More about Princeton’s Universal vocabulario of 1490 (EXI Oversize 2530.693q):
The book consists of vol. 1 only, covering letters A-N. Its gilt red-dyed goatskin binding is probably 18th-century Spanish. The earliest known owner was Richard Heber (1773–1833), the English bibliomaniac; this copy was offered in part 2 of the Heber sales, Sotheby’s (London), June 1834, as lot 4689. In 1873 it was purchased by the College of New Jersey (now Princeton University) along with an important collection of old books and Reformation pamphlets owned by Dr. Friedrich Adolf Trendelenburg (1802–1872), a noted philosopher and philologist at the University of Berlin and father of a famous surgeon. It is possible that Trendelenburg bought the Vocabulario at the Heber sale of 1834, but there may have been unknown owners between 1833 and 1873.

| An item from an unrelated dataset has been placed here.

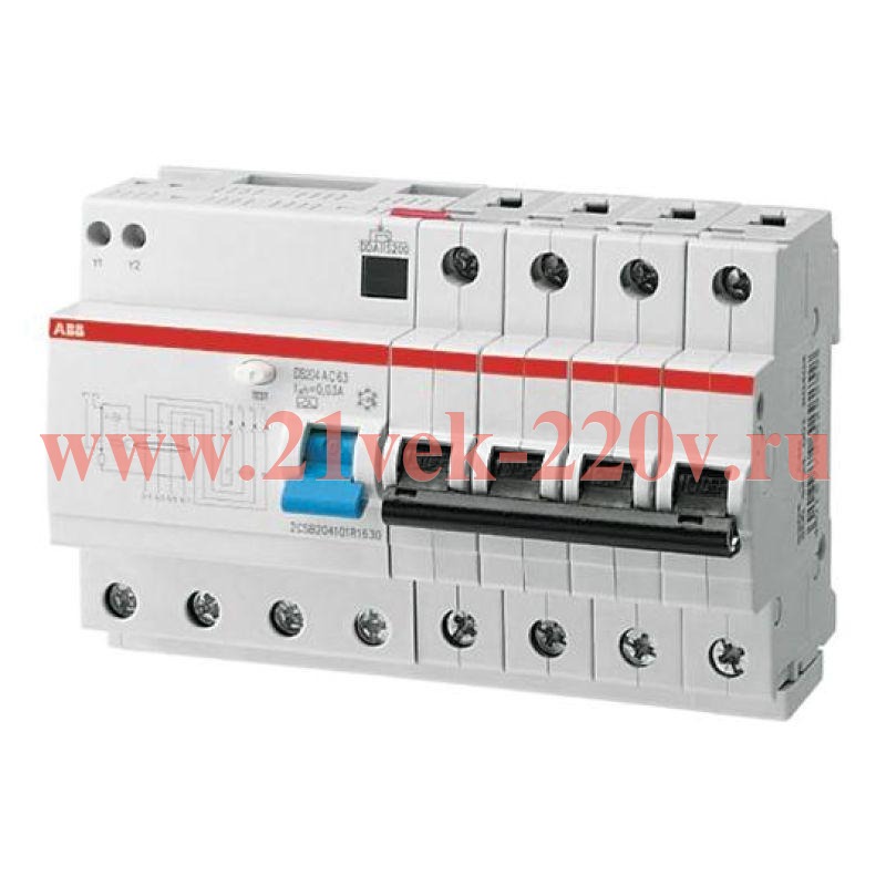 Автоматический выключатель дифференциального тока DS204 на 8 модулей ABB 4P АС на 63А с током утечки 30мА.

1 Frederick Vinton, the Librarian of the College of New Jersey (later Princeton University), inscribed the second fragment “This is a great curiosity. It is part of a Spanish Vocabulary entirely unknown to Bibliographers and must have been printed about the same time as this of Palentia in which the Latin precedes the Spanish.”
2 Gerald J. MacDonald, Diccionario español-latino del siglo XV: an edition of anonymous manuscript f.II.10 of the Real Biblioteca de San Lorenzo de El Escorial. Transcription, study, and index (New York: Hispanic Seminary of Medieval Studies, 2007).